EXERCISE DIRECTIONS: Would you transcribe the entries below, beginning at the line with "В Нефтеюганском межмуниципальном" and ending after the line with "7月7日,考生在北京市門頭溝", exactly, with no picture and nothing more?

THE RECORDS:
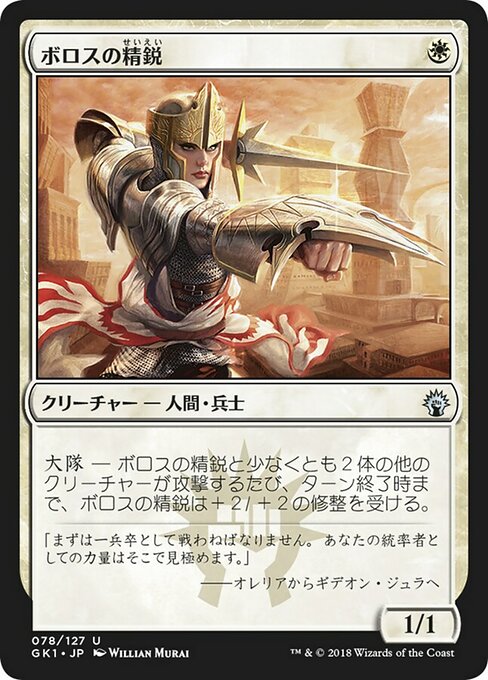 ![]() Variations— Parts— | Boros Elite1 / 1 Battalion — Whenever this creature and at least two other creatures attack, this creature gets +2/+2 until end of turn.
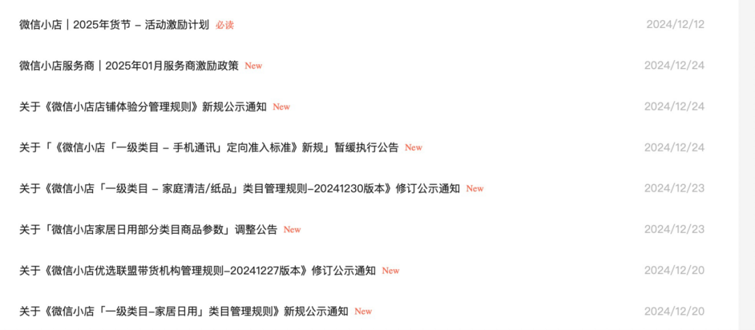 近日微信小店已公布母婴、生鲜、家居日用等多类商品的管理规则,并于12月24日公布了2025年1月的服务商激励政策。
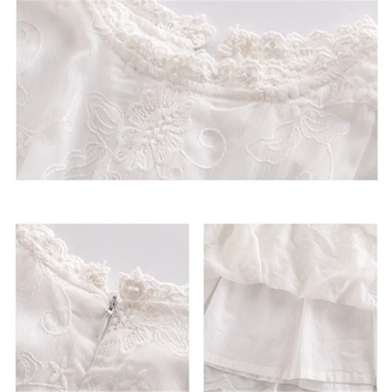 Summer Children Lace Princess Dress Clothes Baby Girls Cotton Embroidered Print White Dress for Beach Holiday 4 5 6 8 11 13 Year
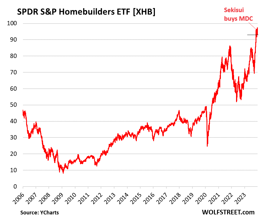 With buyers stretched by sky-high prices and mortgage rates that have doubled over the past two years, and with builders having to offer smaller and lower-priced homes and having to buy down mortgage rates aggressively at a substantial cost to keep sales from collapsing, as they have already collapsed for existing homes, while their stocks are perched at all-time highs, it’s now a perfect time for Sekisui House to buy a big US homebuilder, no?
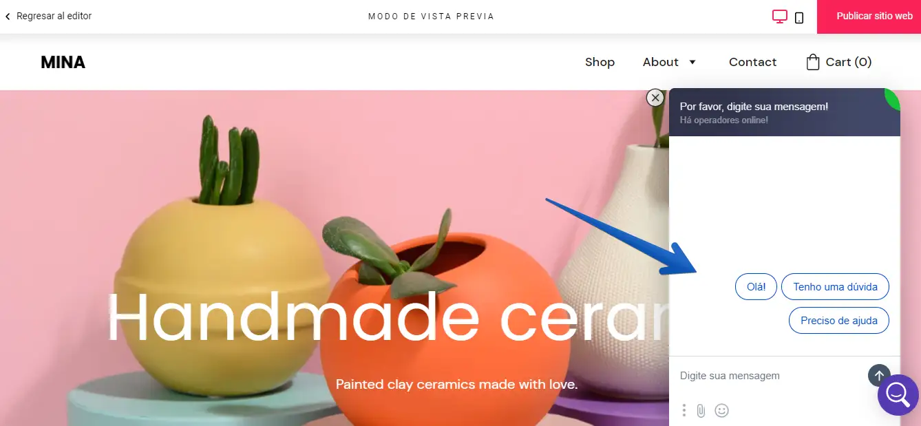 ¡Listo! ¡Así es como aparecerá JivoChat en su sitio creado en Zyro!
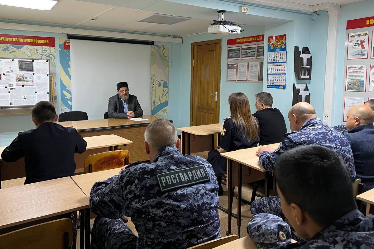 В Нефтеюганском межмуниципальном отделе вневедомственной охраны Росгвардии в ходе беседы с главой городской мусульманской общины Усманом хазратом Печориным было обсуждено сотрудничество, в том числе в вопросах предотвращения религиозного экстремизма.
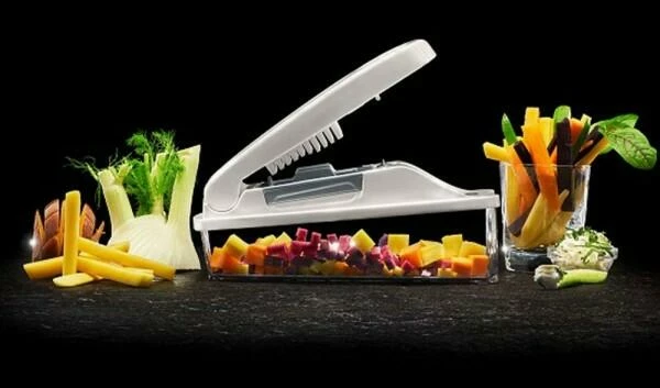 - schneidet schnell und mühelos Würfel und Stifte aus Obst und Gemüse
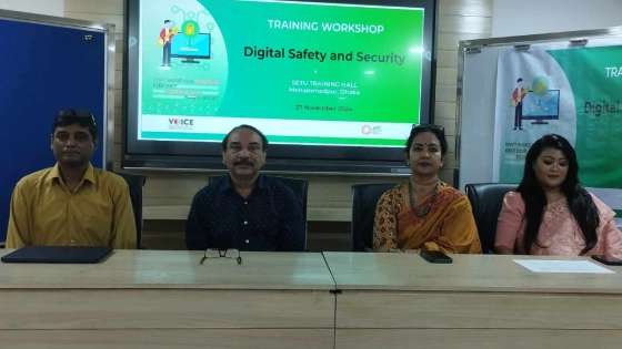 আজ বুধবার (২৭ নভেম্বর) রাজধানীর আদাবরে বেসরকারি গবেষণা প্রতিষ্ঠান ভয়েসের উদ্যোগে ডিজিটাল সুরক্ষা ও নিরাপত্তা শীর্ষক এক প্রশিক্ষণ কর্মশালায় বক্তারা একথা বলেন। নারী সাংবাদিক এবং মানবাধিকার কর্মীদের অংশগ্রহণে এ কর্মশালা অনুষ্ঠিত হয়।
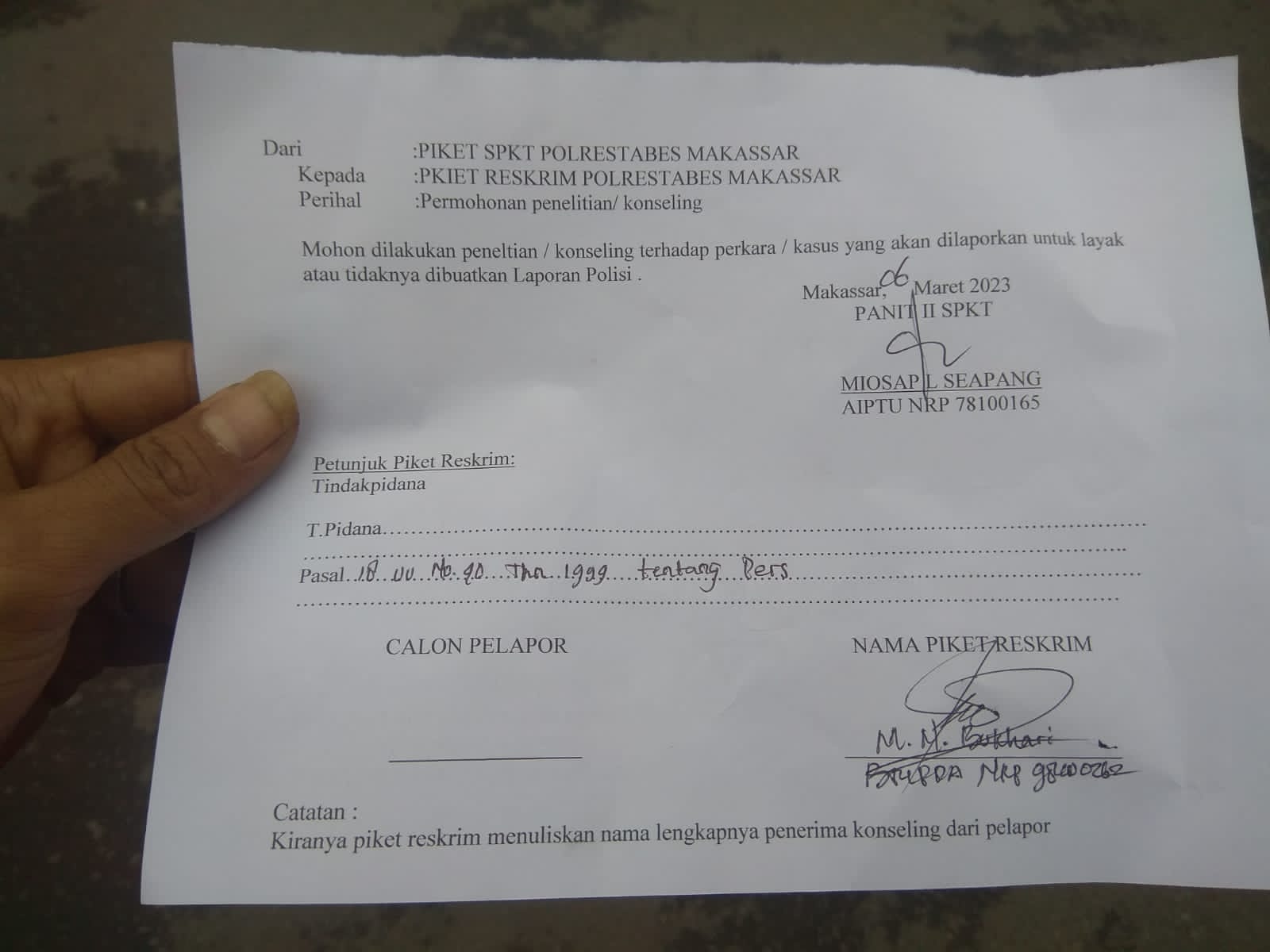 Mendapatkan perlakukan yang tidak semestinya maka seluruh Anggota Awak Media pun langsung melaporkannya ke Kantor Polrestabes Makassar dengan Laporan Polisi (LP) Nomor : 457/III/2023/Reskrim/Restabes MKS/Polda Sulsel.
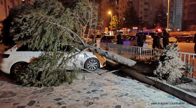 Kayseri'de etkili olan şiddetli rüzgar çatıları uçurdu, ağaçları yerinden söktü. Kentte bazı araçlar, çatılardan kopan ve sökülen ağaçlar nedeniyle hasar gördü.
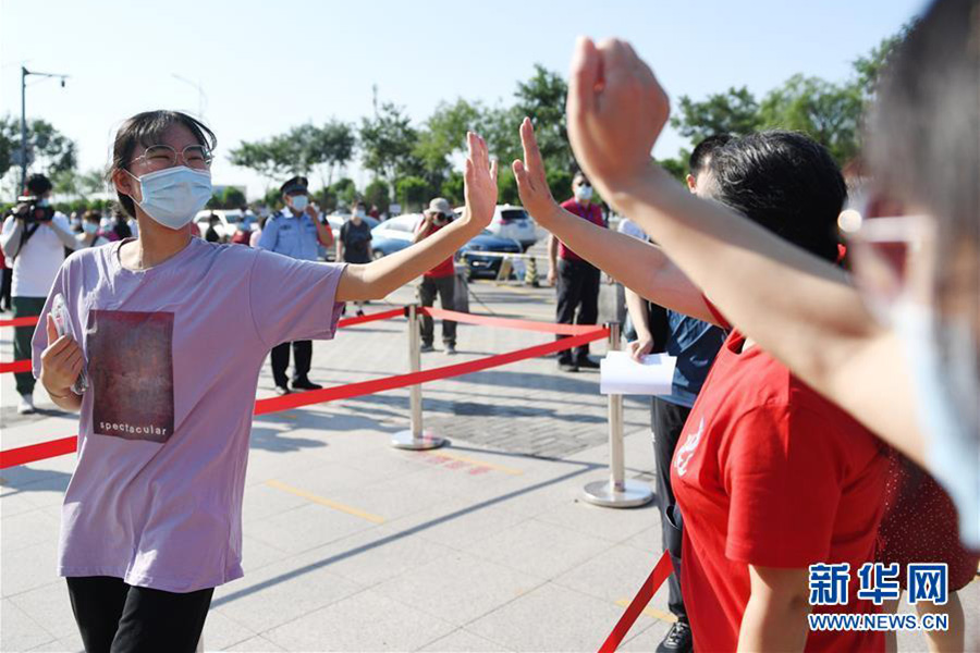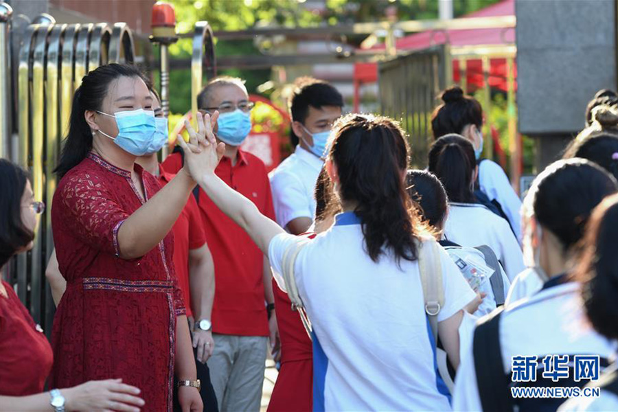 7月7日,考生在北京市門頭溝區大峪中學考點進入考場前與送考老師擊掌。(新華社記者 鞠煥宗/攝)
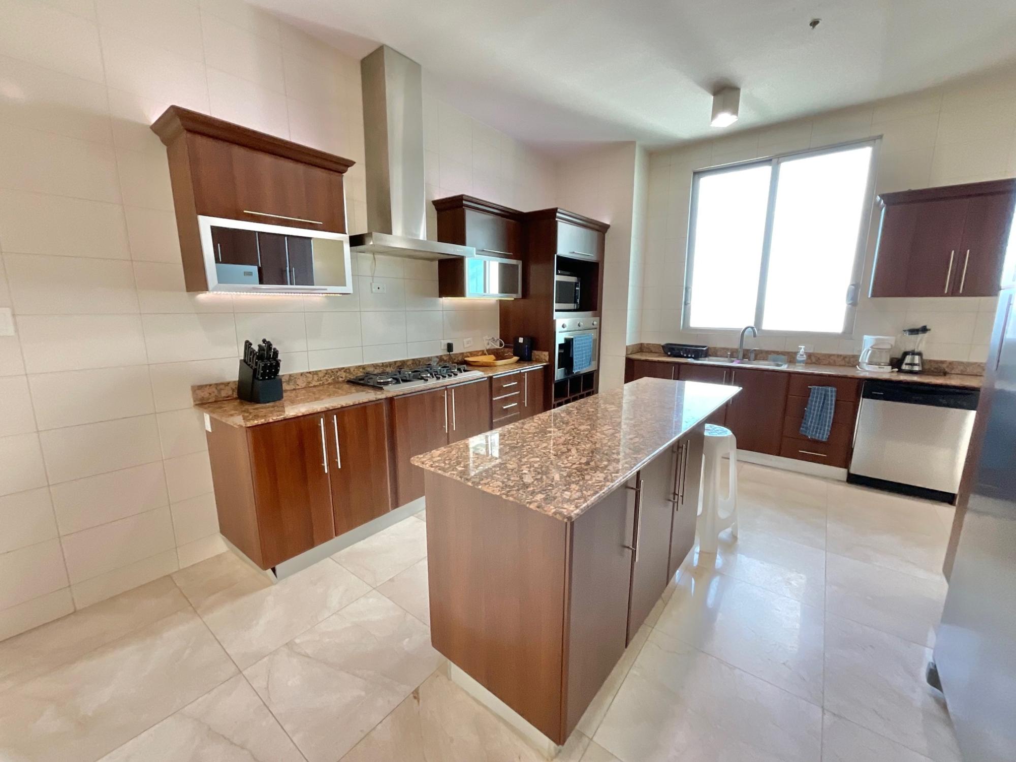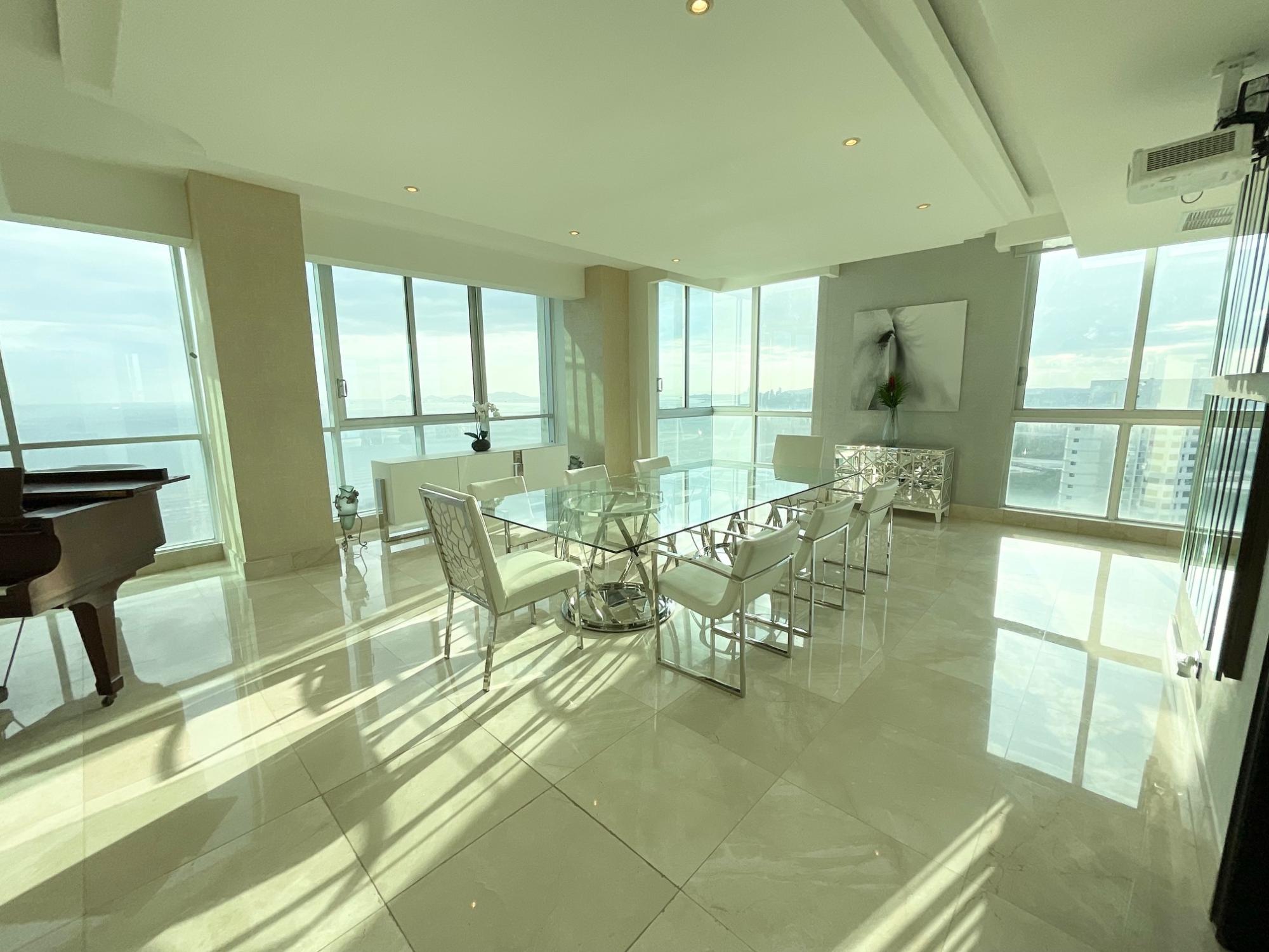 En alquiler espectacular apartamento full amoblado en el exclusivo P.H. Ocean Two, Costa del Este, con 410 m² distribuidos en 4 recámaras, 4.5 baños, amplia sala y comedor, den, desayunador, cocina equipada, lavandería, C/B/S y 3 estacionamientos. Ofrece aire central en las áreas sociales y la recámara principal, además de aires inverter en las secundarias. Este icónico edificio brinda amenidades de primer nivel como piscina, jacuzzi, sauna, gimnasio, cine, canchas deportivas, área de BBQ, salón de fiestas y mucho más, ideales para un estilo de vida de lujo y confort en una ubicación privilegiada de la ciudad.

SOLUTION TO THIS EXERCISE:
 В Нефтеюганском межмуниципальном отделе вневедомственной охраны Росгвардии в ходе беседы с главой городской мусульманской общины Усманом хазратом Печориным было обсуждено сотрудничество, в том числе в вопросах предотвращения религиозного экстремизма.
 - schneidet schnell und mühelos Würfel und Stifte aus Obst und Gemüse
 আজ বুধবার (২৭ নভেম্বর) রাজধানীর আদাবরে বেসরকারি গবেষণা প্রতিষ্ঠান ভয়েসের উদ্যোগে ডিজিটাল সুরক্ষা ও নিরাপত্তা শীর্ষক এক প্রশিক্ষণ কর্মশালায় বক্তারা একথা বলেন। নারী সাংবাদিক এবং মানবাধিকার কর্মীদের অংশগ্রহণে এ কর্মশালা অনুষ্ঠিত হয়।
 Mendapatkan perlakukan yang tidak semestinya maka seluruh Anggota Awak Media pun langsung melaporkannya ke Kantor Polrestabes Makassar dengan Laporan Polisi (LP) Nomor : 457/III/2023/Reskrim/Restabes MKS/Polda Sulsel.
 Kayseri'de etkili olan şiddetli rüzgar çatıları uçurdu, ağaçları yerinden söktü. Kentte bazı araçlar, çatılardan kopan ve sökülen ağaçlar nedeniyle hasar gördü.
 7月7日,考生在北京市門頭溝區大峪中學考點進入考場前與送考老師擊掌。(新華社記者 鞠煥宗/攝)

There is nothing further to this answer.